Когда Унимо снова стал различать, о чём говорили вокруг, какое-то слово прокатилось по кругу и вернулось к Коре — кажется, кто-то спросил её, что такое — быть поэтом.

 

— Если у меня

получится рассказать слепому,

какое оно — небо,

только тогда я

признаю себя поэтом,

а до этого —

просто пастух я

в чудесной долине, где эхо

подбирает мне рифмы,

а ветер

шепчет на ухо

самые красивые

слова этого

света.

 

Когда Кора замолчала, в разлитой в ночном воздухе тишине, состоящей из журчания фонтана и внимания всех, кто был на площади, вдруг зазвучал на удивление звонкий и твёрдый голос слепого сгорбленного флейтиста, который встал со своей скамейки и сказал, осторожно, как грудного ребёнка, протягивая футляр с флейтой вперёд:

— Неплохо, совсем неплохо, девочка. Но в одном ты ошибаешься, — ухмыльнулся он, — показать, какое бывает небо, под силу только музыке.

Унимо не стал дожидаться, пока слепой начнёт играть — он быстро, но осторожно, стараясь не привлекать внимания, выбрался с площади и помчался по ночному Тар-Кахолу, не останавливаясь до самых дверей булочной. Радость и благодарность переполняли его, когда Тэлли, немного сердитая, открыла дверь и, увидев его на пороге, ни слова не говоря отправилась заваривать чай.

 

 

1.2.2 Primus inter pares[12]

 

Король Шестистороннего Королевства Оланзо Озо ожидал ежедневного доклада своего Первого советника. Он сидел, удобно устроившись в кресле приёмного зала королевского дворца и наблюдая, как солнечная полоса из узкого и длинного, словно бойница, окна медленно подбирается к нему: сначала по паркету из тёмного дерева, затем по ковру цветов королевского дома — пурпурно-красного и травяного. Оланзо раздражённо поджал ноги, когда солнечная полоска почти коснулась его туфлей, и посмотрел на часы. Конечно, такого не могло быть, чтобы Голари опоздал к докладу, но в последнее время Сэйлори всё чаще становился нетерпеливым. Да ещё и этот мальчишка… король тяжело вздохнул. «Правитель должен быть подобен чёрной глади воды, в которой каждый не мог бы разглядеть ничего, кроме собственного отражения — до тех пор, пока вода, по своему разумению, не поднимет волны свои и не обрушит их на голову того, кто всматривается слишком долго», — вспомнил Оланзо «Книгу правителя стороны Штормов», которую они с братьями часто читали в детстве, чтобы от души посмеяться.

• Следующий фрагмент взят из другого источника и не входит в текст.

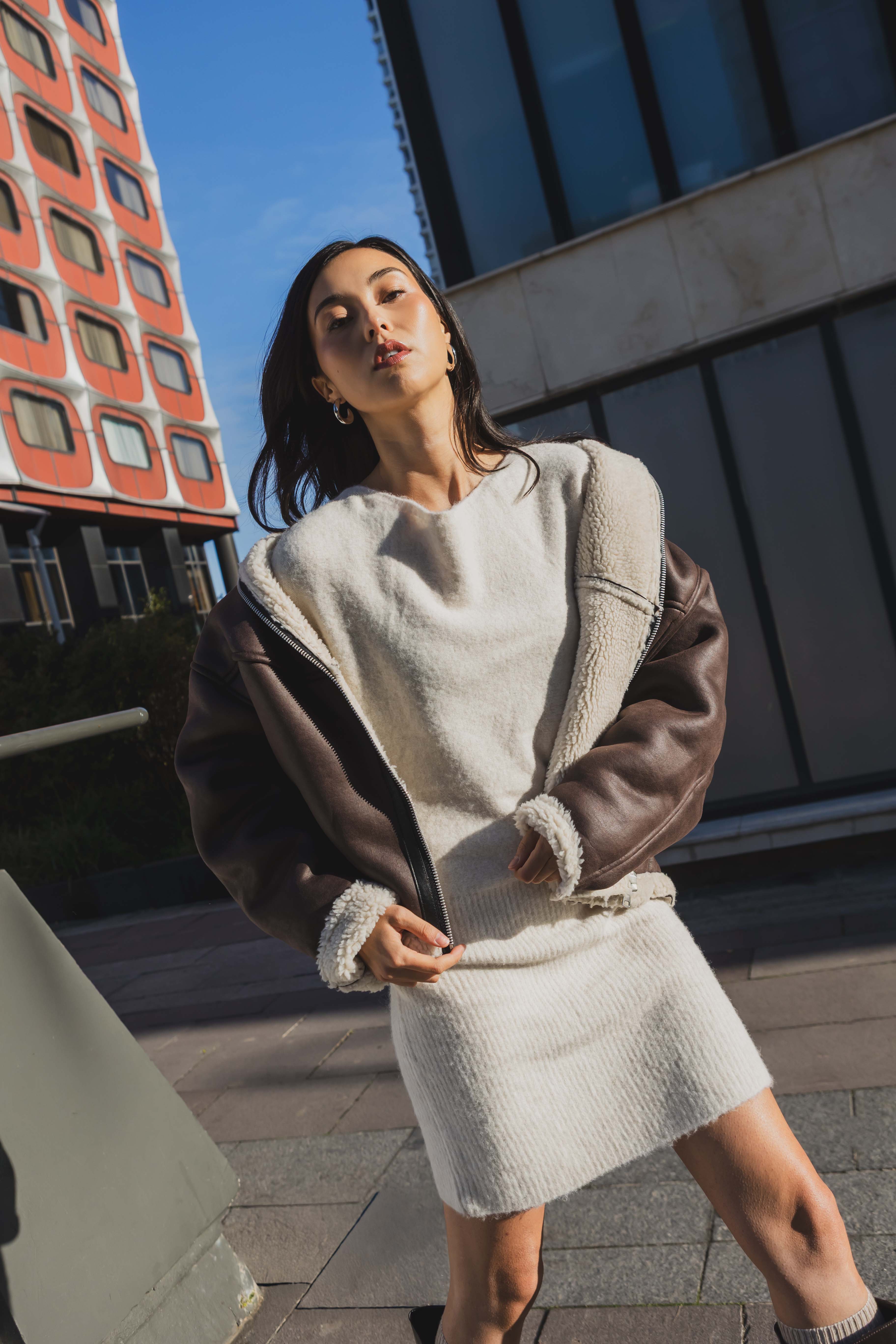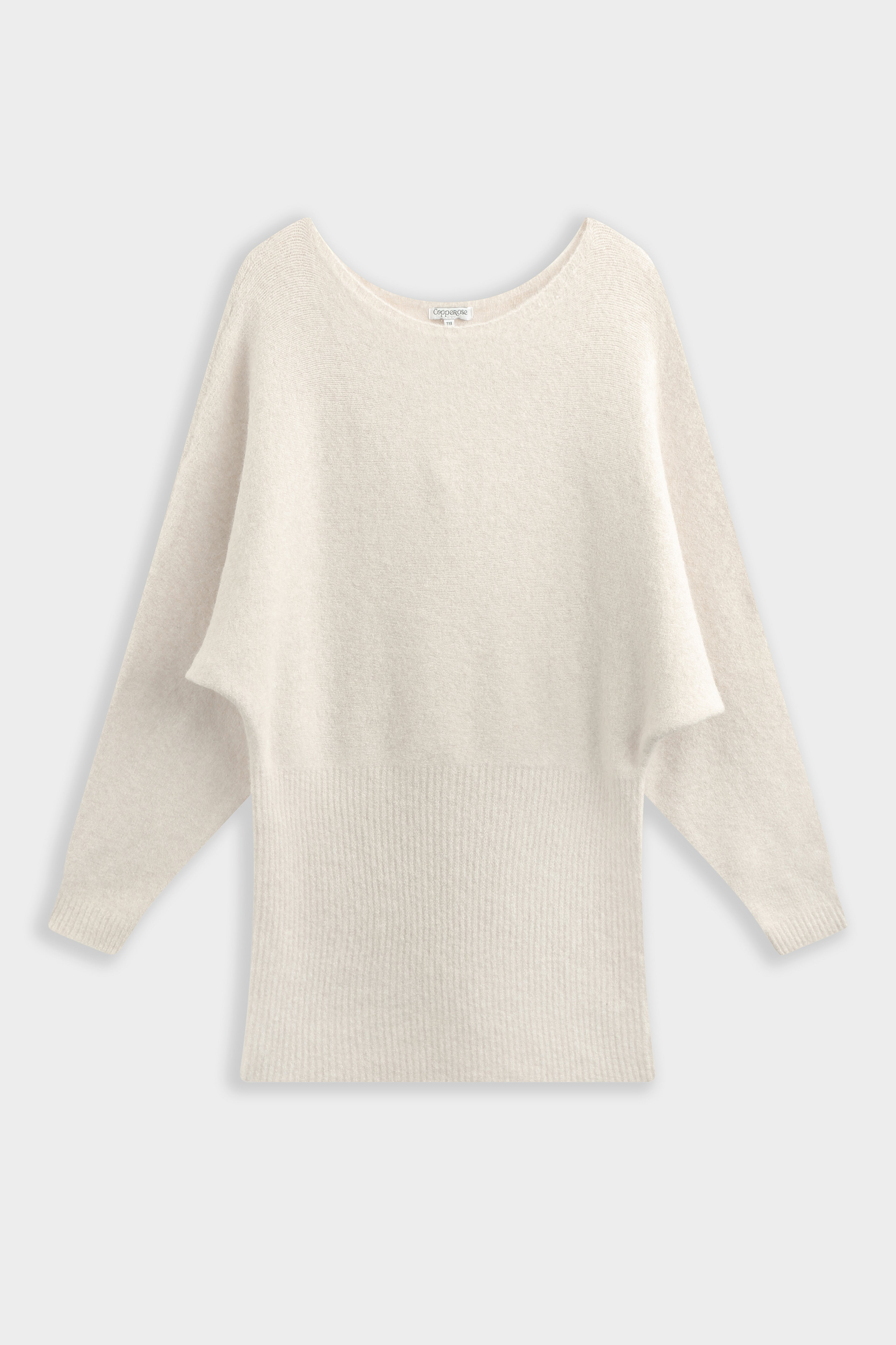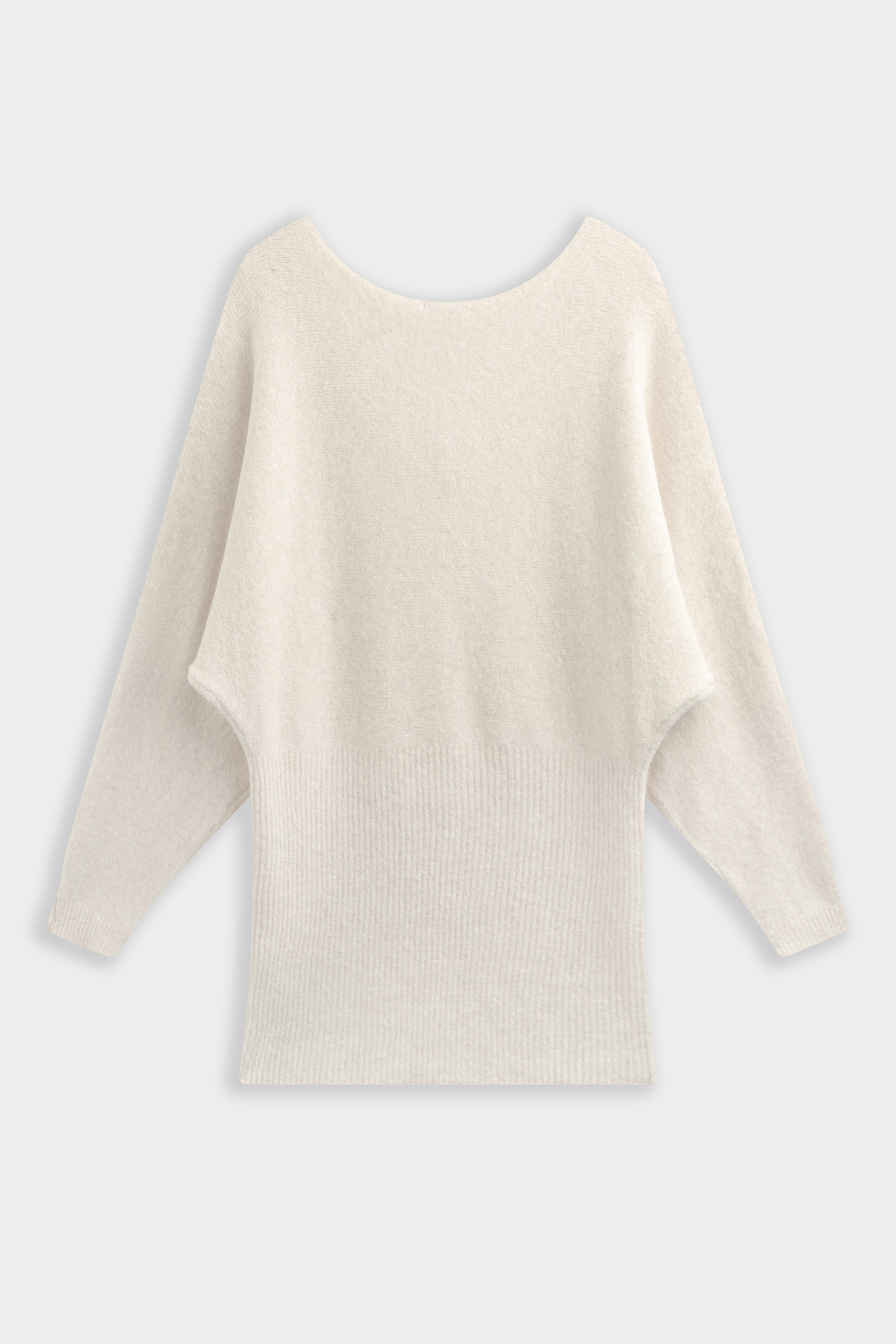 Modèle à col bateau, manches longues chauve-souris et taille ajustée.

Слуга доложил о том, что лори Первый советник Голари Претос прибыл для доклада, и король надел свою обычную маску делового равнодушия.

— Мэйлори[13], моё почтение, — Голари вошёл и застыл в церемонном поклоне.

Он был совсем не стар и даже по-своему хорош собой, но всегда выглядел очень уставшим и напряжённым, как будто его терзала болезнь, которую он изо всех сил пытался скрыть. Это было слишком даже для профессора логики и древних языков и главного консультанта самого скучного отдела Королевской ратуши — Зала Правил и Следствий. Говорят, никто ни разу не видел улыбки на его вытянутом лице. Оланзо до сих пор не мог понять, доверяет ли он этому человеку: он назначил его Первым советником только за неимением других кандидатур, и, что самое скверное, Голари это прекрасно понимал. Была ещё Регана Фэтч — строгая и властная вдова генерала Фэтча, которая отлично справилась бы с обязанностями Первого советника короля, но Оланзо не стал назначать её по личным причинам: в глубине души он был уверен, что женщина не может быть настолько же хороша в государственных делах, как мужчина (если только эти дела не касаются придворных интриг, разумеется). Смотря на свою жену, королеву Эйрил, он видел только бесконечные мечты о путешествиях «всей семьёй» (как будто Сэйлири не знает, что король не может просто так отправиться в путешествие), балах, платьях, украшениях, перемежающиеся порывами облагодетельствовать каких-нибудь несчастных (впрочем, не очень продолжительными) и уверениями в вечной любви и верности, от которых Оланзо начинало порядком подташнивать.

Осторожно взглянув на короля, Голари заметил, что Сэйлори страшно не в духе, и замер у входа в почтительной нерешительности. Он знал, что сын Оланзо — принц Таэлир — исчез из дворца два дня назад и до сих пор о нём не было никаких известий, хотя столичное Общество Королевских Птицеловов[14] почти в полном составе отправилось на его поиски. Оланзо раздражённо махнул в сторону кресла напротив своего и отвернулся к окну, приготовившись слушать очередное произведение аналитической мысли Зала Всеобщих Донесений.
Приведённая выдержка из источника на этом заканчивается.